When I witness our poor being so much poorer than the “poor” in the UK (who has access to free medical care, free housing and benefits) and ironically we have more rich than the UK (we have the most number of millionaire in proportion to our population), it is unsettling for we, as citizens, to be instructed again, to accept that growing income-disparity, a global trend, as a normality, therefore leaving the issue to the wind.

While being mindful and appreciative of what we have, at the same time, we cannot allow these possessions, tangibles and intangibles, to bribe us into the apathy of the universal stand of morals and principle.

The Cost of being A Human

Denouncing socialism or welfare system does not eradicate the need of taking care of our senior citizens or the less fortunate strata.

Having spent more than four decades of achieving the psychological level of Maslow’s hierarchy of needs, living by the calculator to measure the cost of every human, from discouraging the third child to encouraging more births with monetary incentives; from streaming the more-abled students from the less-abled so as to utilize our resources; from monetary incentives to attract talents into the political arena….but a minister who owes his salary to the public calculates his own worth to the last cent will understand no value of any human lives besides himself. Are we any better in our heartware than 4 decades ago?

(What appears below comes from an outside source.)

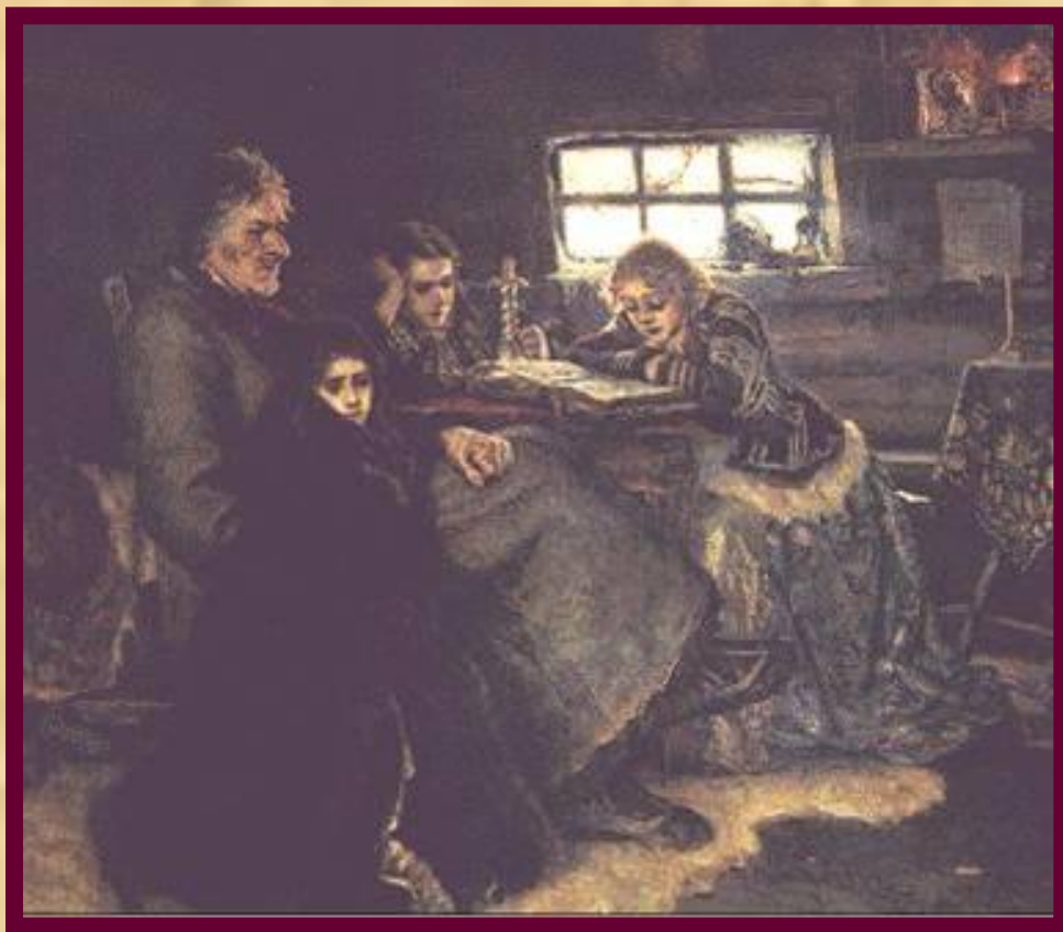
А.Меншиков в ссылке в Березове.

В сентябре 1727 г. Меншиков был арестован и сослан на Урал в Березов, где в 1729 г. скончался. Долгорукие и Голицыны удалили со службы соратников Петра I и свернули реформы.

And we bear witness to a MP who told us that money brings proportionate dignity and respect; and a multi-million-dollar-minister who scrimped on a $30 allowance for the needy.

But ethics and morals, the fundamentals of any civilized and healthy society, are priceless. We cannot continue to blanket the abnormalities and injustices of our society, or leave them to providence, in exchange for the ever increasing cost of “political stability” and “social security”. Where the cost would be borne by the future generations, in tangible sense, for instance:

(i) Longer and bigger housing loan for public housing at a 99-year-lease.

(ii) Prices of new public housing and medical cost increase in many folds while median income remains stagnant in the last 20 yrs.

Need no rocket science to prove that cost of living outstrips our incomes, rising tangible cost impact quality of life, retirement funds for ourselves and our children: that is the intangible cost. Working longer hours to keep reins of the tangible cost is adding burden to our intangible cost definitely.

* * *

When we begin to realize political and social securities fail to compensate the deep sense of insecurity inside our peoples on our future quality of life and retirement, we know that GDP alone cannot suffice in measuring the quality of our lives. Frighteningly, it plays no role in ethics either.

Surely, a successful nation is not defined by the number of hubs or the number of eye-dazzling architecture, but by both tangibles and intangibles. And only such a nation is truly worthy of respect, which again is neither quantifiable in dollars or cents.